Friday, February 11, 2011

Book Review: Don Quixote

The best novel in the universe. So many richly fascinating episodes, such finely balanced tragicomedy, it is alternately hilarious and painful. The sublime visionary Quixote and the slyly Rabelaisian Sancho together form the ultimate human personality. Striking through the masks of materialism to create new spiritual values, Don Quixote proclaims "I know who I am, and who I may be if I choose."

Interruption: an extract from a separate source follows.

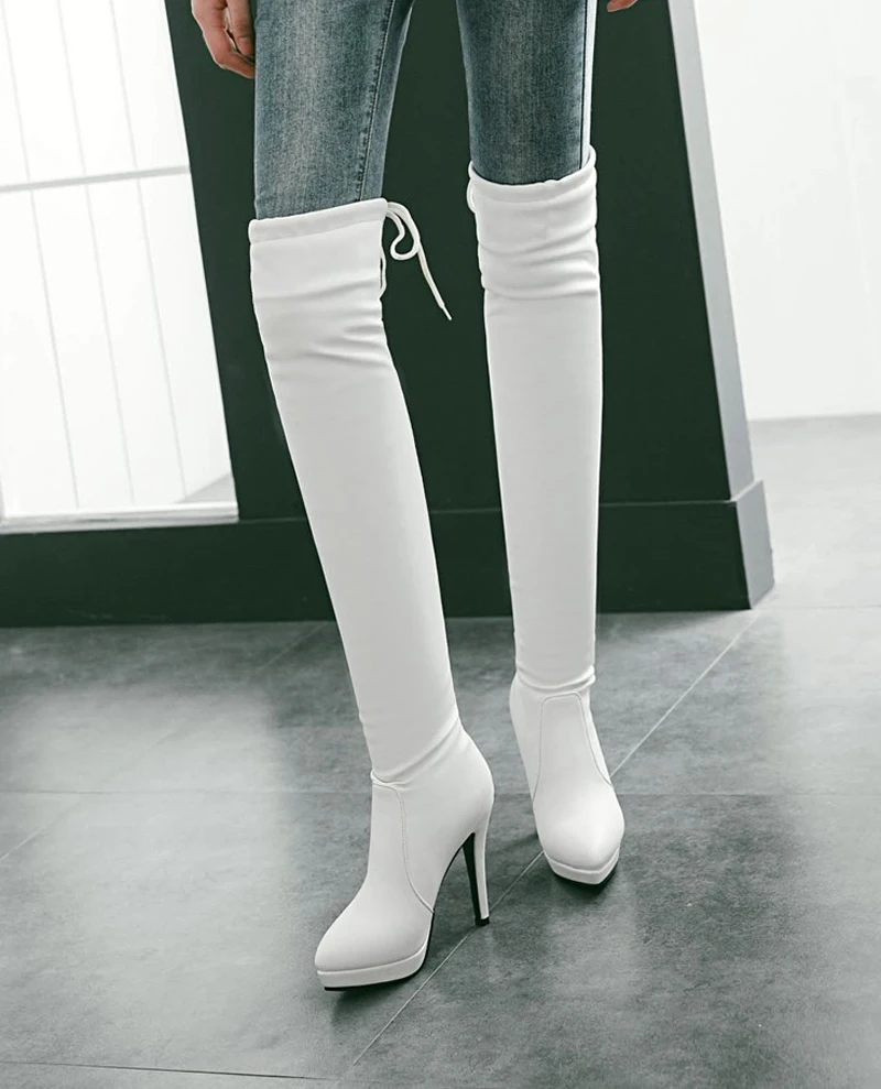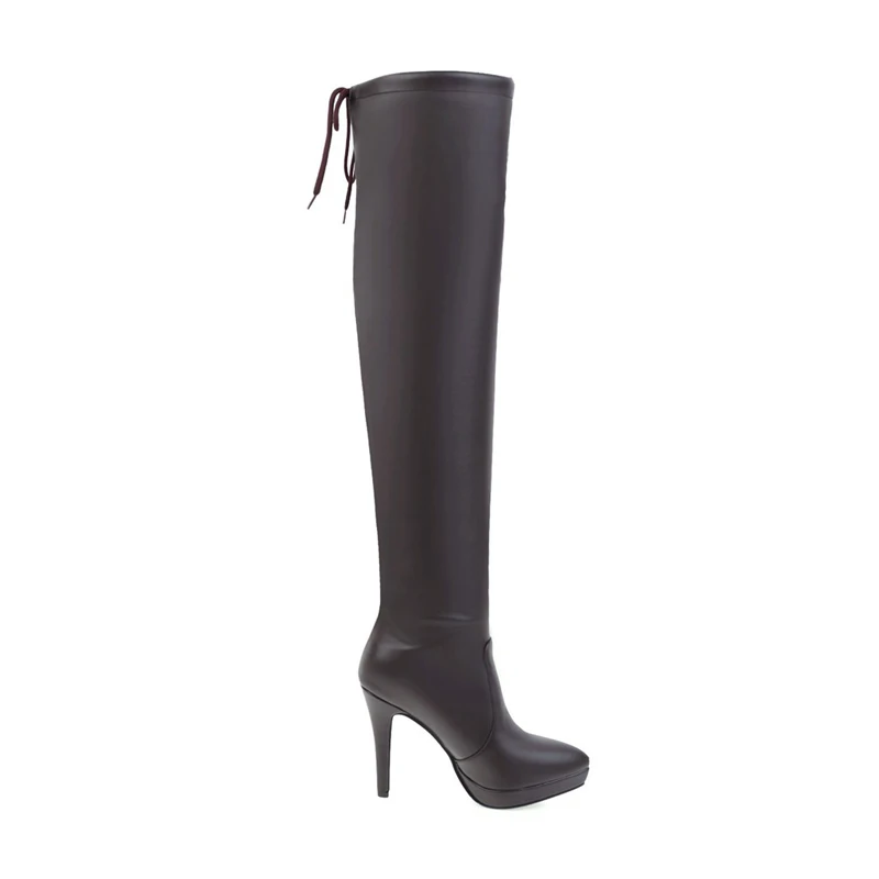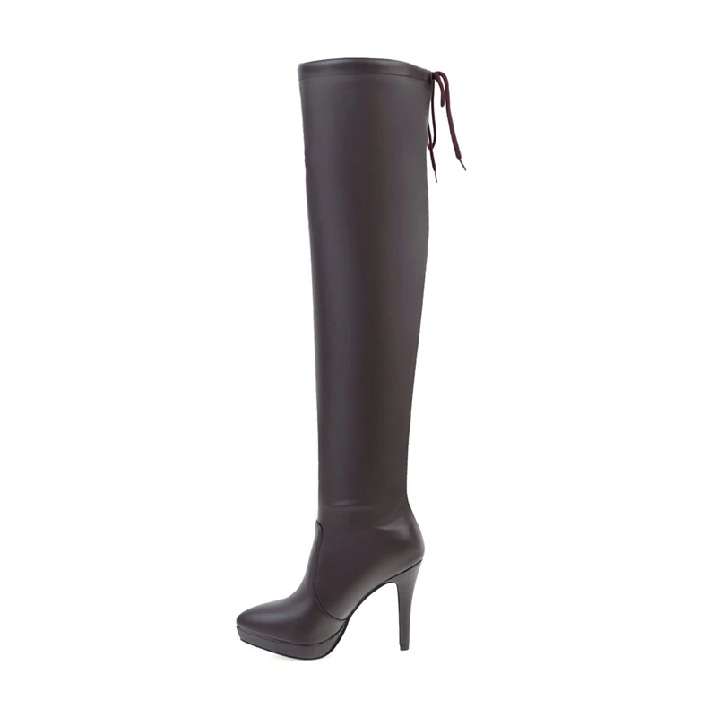 Ботфорты женские на платформе и высоком каблуке, пикантные ботфорты, высокие сапоги, черные ботфорты на осень-зиму

This book has been dear to my heart and I have read it multiple times over the last decade. On my first reading, at the idealistic age of seventeen, I was enamored with Quixote's heroics, absurd though they are, and wished to be his apostle. A second reading revealed to me the richness of the character of Sancho Panza, as well as some of the darker shadings of Quixote's madness and violence. Having read it several times since, I see Quixote and Sancho as related aspects of a universal human character, as a lovely and pugnacious friendship, and as showing the best and worst in each of us, all served with generous doses of humor. 

Part One is a sublime parody, and Part Two is a sublimer parody of a parody, as Quixote encounters characters who have read Part One and thus formed various opinions of him. In the decade between the writing of Parts One and Two, an anonymous author published his own spurious part two, and the inconsistencies and frustrations brought about are deliciously absurd. Cervantes was writing an extended prose narrative in a time before novels, and so he is improvising the form as he goes. At times, it all seems postmodern centuries before modernism, as stories within stories, narrators within narrators, and spurious unauthorized characters roam the Spanish countryside.

Don Quixote is episodic in nature, rather than following a classical plotline. It is crammed full of mysterious images, ridiculous situations, and slapstick humor. It is rich and lively and generously rewards repeated readings.